Architecture tradeoffs
When choosing an architecture, consider the full workflow.
| Tradeoff | Classification | Detection | Segmentation |
|---|---|---|---|
| Annotation cost | Lowest | Medium | Highest |
| Output detail | Lowest | Medium | Highest |
| Training complexity | Often lowest | Medium to high | High |
| Inference speed | Often fastest | Depends on detector | Often slower |
| Good for locating defects | No | Yes, with boxes | Yes, with masks |
| Good for measuring exact area | No | Approximate | Yes |
The best architecture is the simplest one that answers the real question well enough.
Common mistakes
Here are a few traps to avoid:
- Using classification when location matters. A class label does not tell you where the defect is.
- Using segmentation when a label is enough. Pixel masks are expensive to label and maintain.
- Ignoring class imbalance. Rare defects may need weighted loss, focal loss, more data, or threshold tuning.
- Choosing a loss function without considering the use case. The loss should support the metric and mistake costs that matter.
- Trusting training loss alone. A low training loss does not prove the model works on new images.
- Ignoring annotation quality. Bad boxes or masks can limit model performance.
- Comparing architectures unfairly. Use the same train, validation, and test splits when comparing models.
- Overlooking deployment constraints.
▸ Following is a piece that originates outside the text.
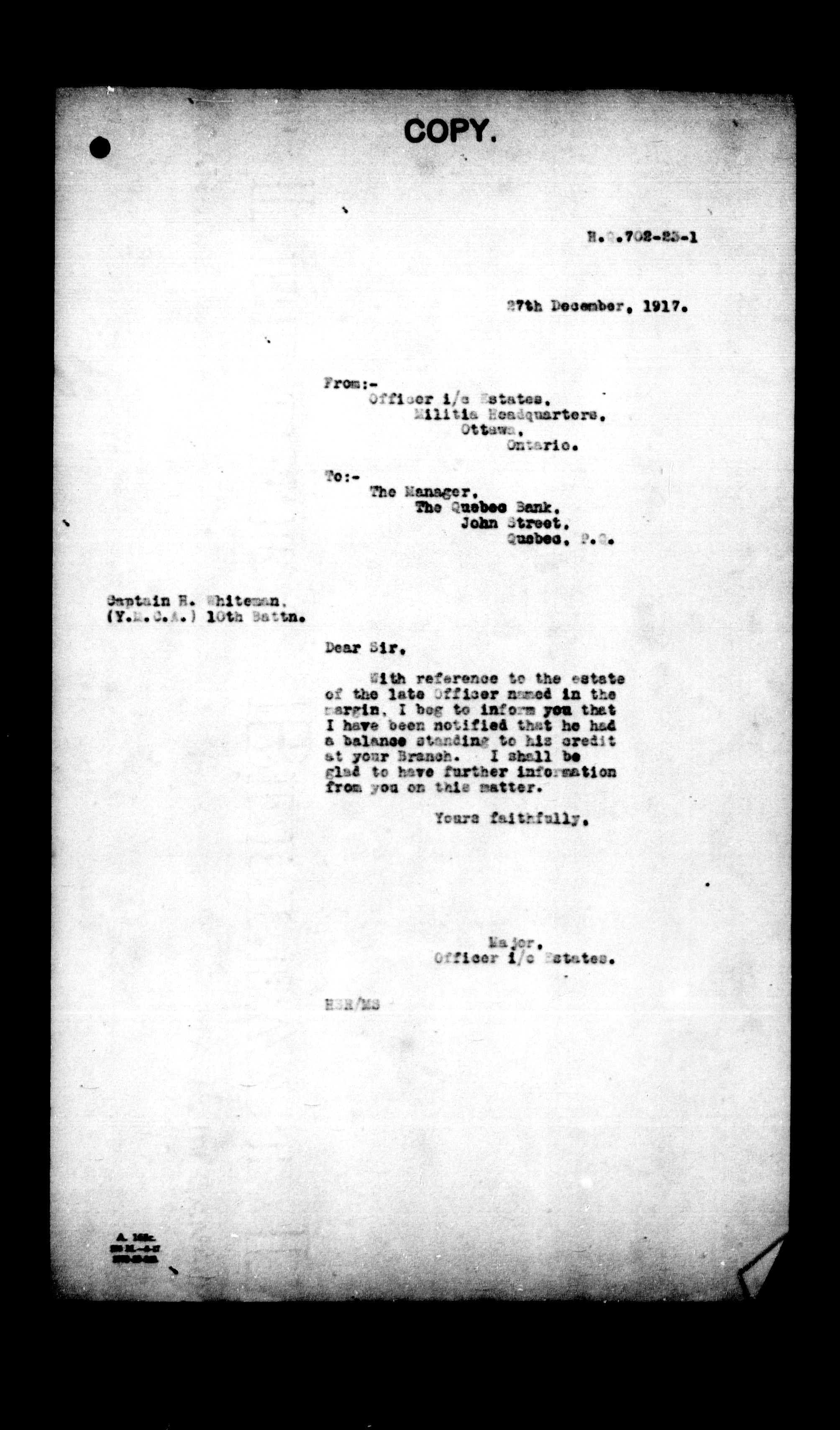 Militia and Defence personnel files [1870-1938] - 17716
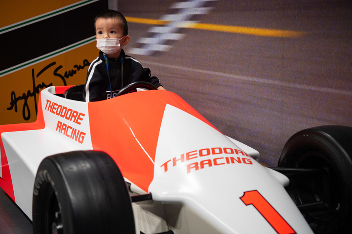 5月18日,一名小朋友在澳门大赛车博物馆游玩。新华社记者 张金加 摄

A highly accurate model may be too slow or too large for the production environment.
A practical CNN workflow
When starting a computer vision project, use a repeatable workflow.
- Define the task. Decide whether the problem is classification, detection, or segmentation.
- Inspect the images. Check resolution, lighting, focus, file types, and artifacts.
- Inspect labels. Check class balance, annotation consistency, and missing labels.
- Choose a starting architecture. Use a simple baseline or a pretrained model.
- Choose the loss function. Match the task and use case.
- Train on a small baseline. Confirm the pipeline works before scaling up.
- Evaluate with the right metric. Use recall, precision, F1, IoU, mAP, Dice, or another appropriate measure.
- Review errors with domain experts. Look at false negatives, false positives, and confusing examples.
- Adjust data, loss, thresholds, or architecture. Make changes based on evidence.
- Document decisions. Record why the model, loss, metric, and architecture were chosen.
Summary
CNNs are neural networks designed for grid-like data such as images. Convolutional filters learn local patterns such as edges, textures, corners, and shapes. Pooling can reduce spatial size while keeping strong signals. CNN-based systems may solve classification, object detection, or segmentation tasks depending on what output the workflow requires.
| Topic | Key ideas |
|---|---|
| Image tensor | Numeric grid with height, width, and often channels |
| NCHW / HWC | PyTorch commonly uses batch-channel-height-width; plotting often uses height-width-channel |
| Convolution | Applies learned filters over local regions |
| Pooling | Reduces spatial size while preserving strong responses |
| Classification | Predicts one or more labels for an image |
| Object detection | Predicts boxes and labels for objects |
| Segmentation | Predicts a label for each pixel or region |
| Architecture tradeoff | Accuracy, speed, memory, annotation cost, interpretability |
Practice Questions
Practice Questions
- Why are images different from spreadsheet rows?
- What does N×C×H×W mean?
- Why do convolutional filters help with images?
- What does pooling do?
- What are the main parts of a typical CNN classifier?
- What is the difference between image classification and object detection?
- What is the difference between semantic and instance segmentation?
- When might U-Net be a good starting architecture?
- Why might tiny-defect segmentation need a loss beyond ordinary cross entropy?
- Choose classification, detection, or segmentation for a weld-inspection use case and explain your choice.